• WORK INSTRUCTION:
Locate the line that contains "[충청뉴스큐] 전국시장상인연합회 충남지회가" in the data that follows. Copy it and every subsequent line to the end, exactly, excluding pictures.

• DATASET EXTRACT:

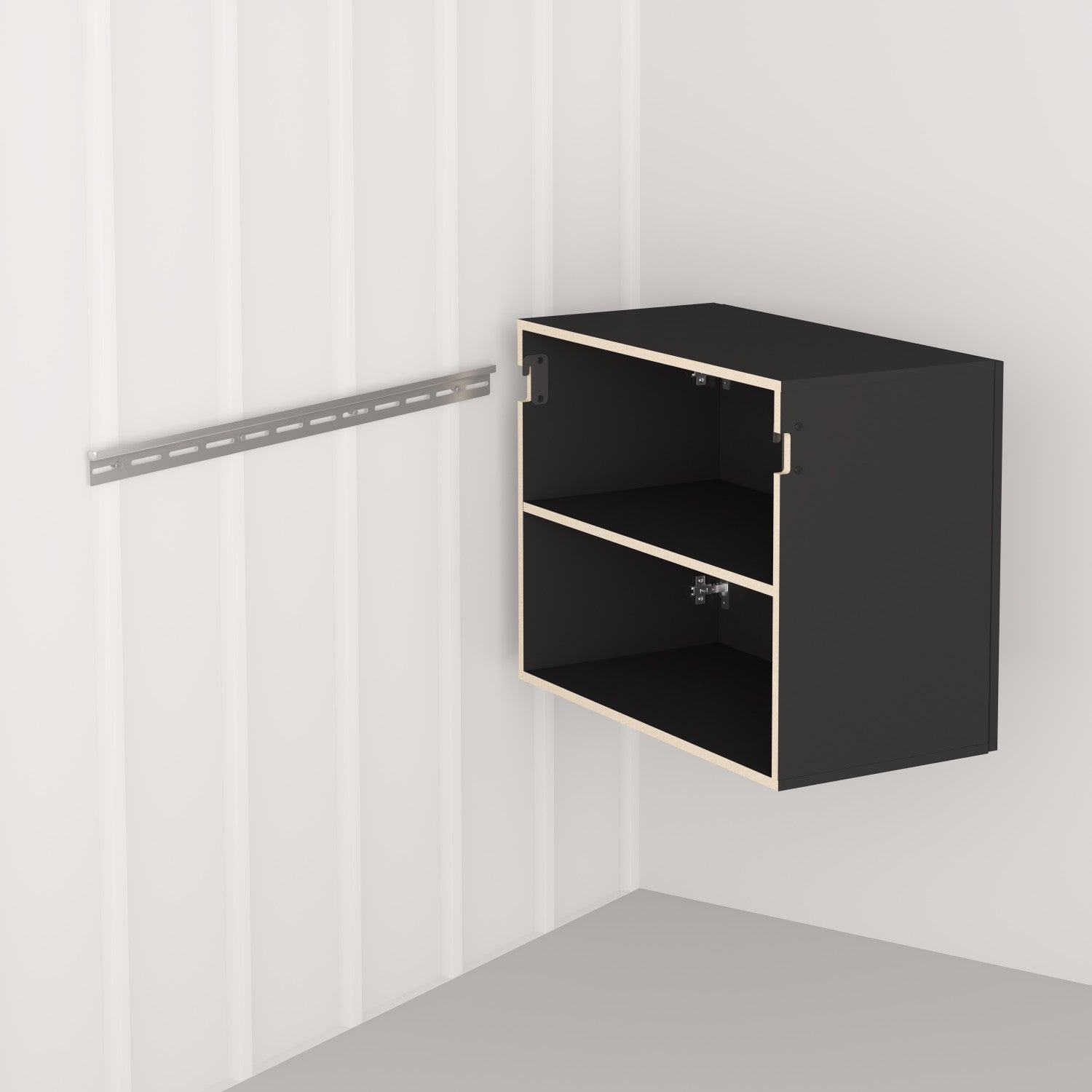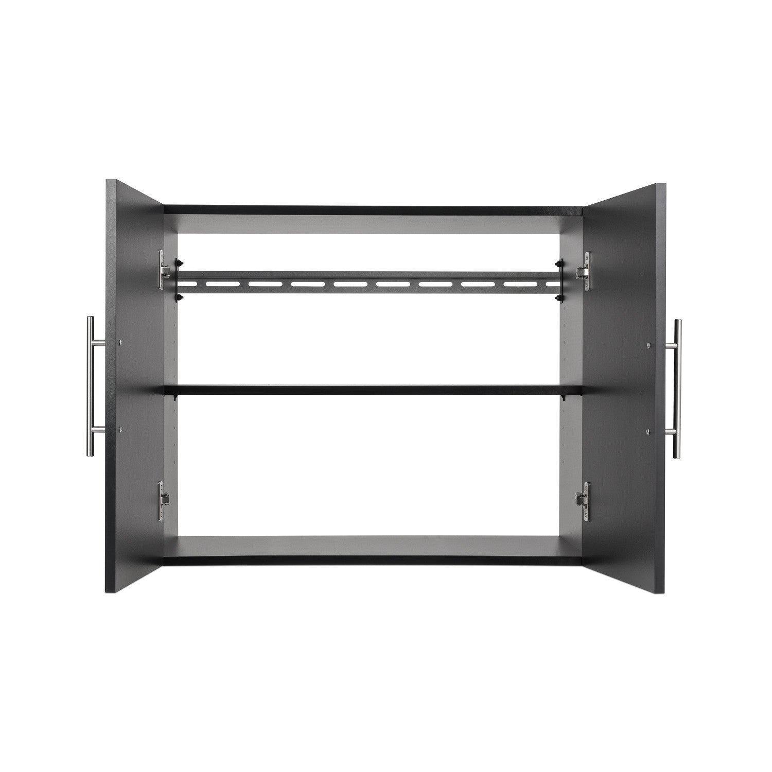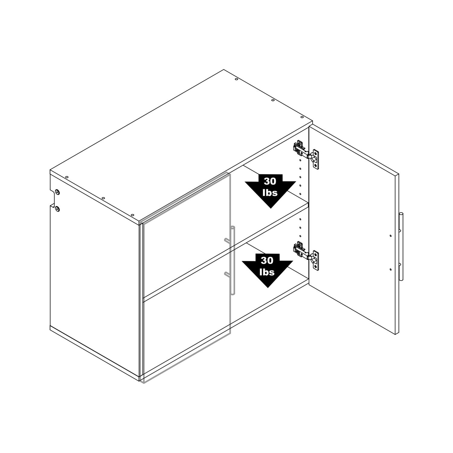 The HangUps 30" Upper Cabinet offers versatility for your ever changing storage needs in the garage, laundry room, office or workshop. The Upper Cabinet mounts securely to the wall with a heavy duty metal rail and hook system. The wall mounted feature ensures easy cleaning beneath the cabinets and protects your stored items from water & dirt. The HangUps Collection is constructed using laminated composite wood and features metal handles and adjustable hinges. This product ships ready-to-assemble and includes all hanging rails and fastening bolts. Add other cabinets from our HangUps Collection to create a storage system to convert any cluttered room into an organized space.
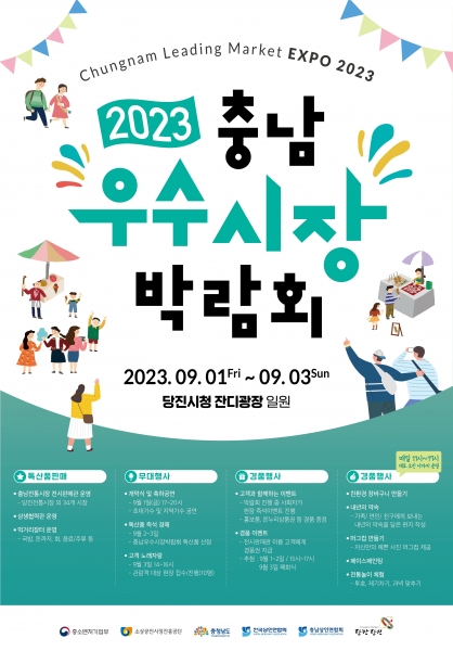 [충청뉴스큐] 전국시장상인연합회 충남지회가 주최하고 중소벤처기업부와 충청남도, 당진시가 후원하는 충남우수시장박람회가 오는 1일 당진시청 잔디광장 일원에서 개최된다.
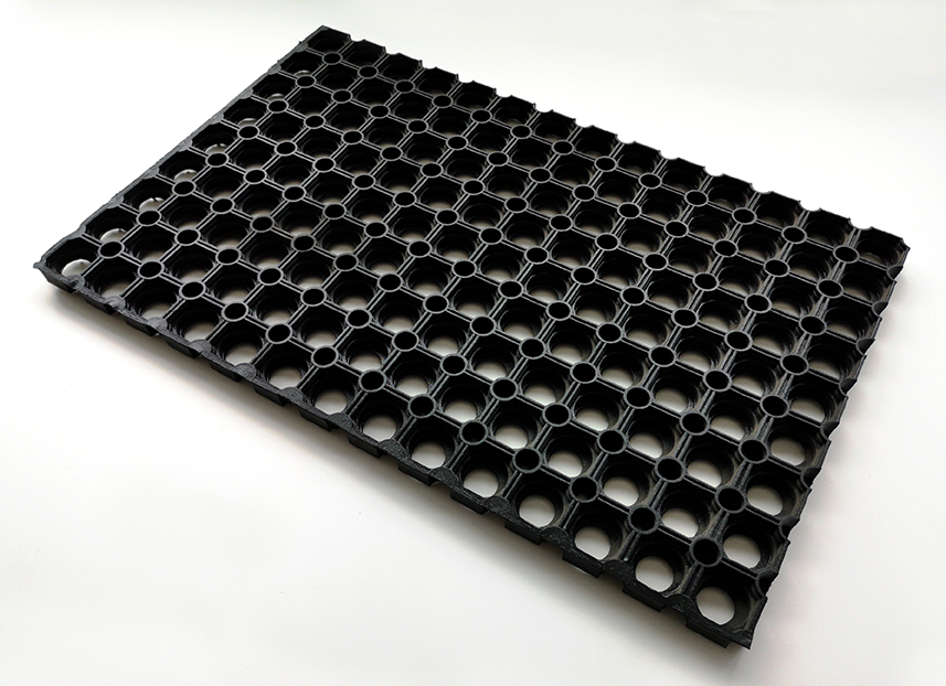 La piastra di GOMMA NATURALE DOMINO è realizzata in dimensione standard 150 x 100 cm. Può essere utilizzata in esterno in ingressi particolarmente esposti a neve o ghiaccio, all’interno come pedana antifatica o nelle cucine e dietro i banconi dei bar o sugli impianti di risalita nelle stazioni sciistiche. La piastra può essere tagliata o unita alle altre con appositi tappi di giunzione e può essere contornata con rampe antinciampo in alluminio.

• TASK SOLUTION:
 [충청뉴스큐] 전국시장상인연합회 충남지회가 주최하고 중소벤처기업부와 충청남도, 당진시가 후원하는 충남우수시장박람회가 오는 1일 당진시청 잔디광장 일원에서 개최된다.
 La piastra di GOMMA NATURALE DOMINO è realizzata in dimensione standard 150 x 100 cm. Può essere utilizzata in esterno in ingressi particolarmente esposti a neve o ghiaccio, all’interno come pedana antifatica o nelle cucine e dietro i banconi dei bar o sugli impianti di risalita nelle stazioni sciistiche. La piastra può essere tagliata o unita alle altre con appositi tappi di giunzione e può essere contornata con rampe antinciampo in alluminio.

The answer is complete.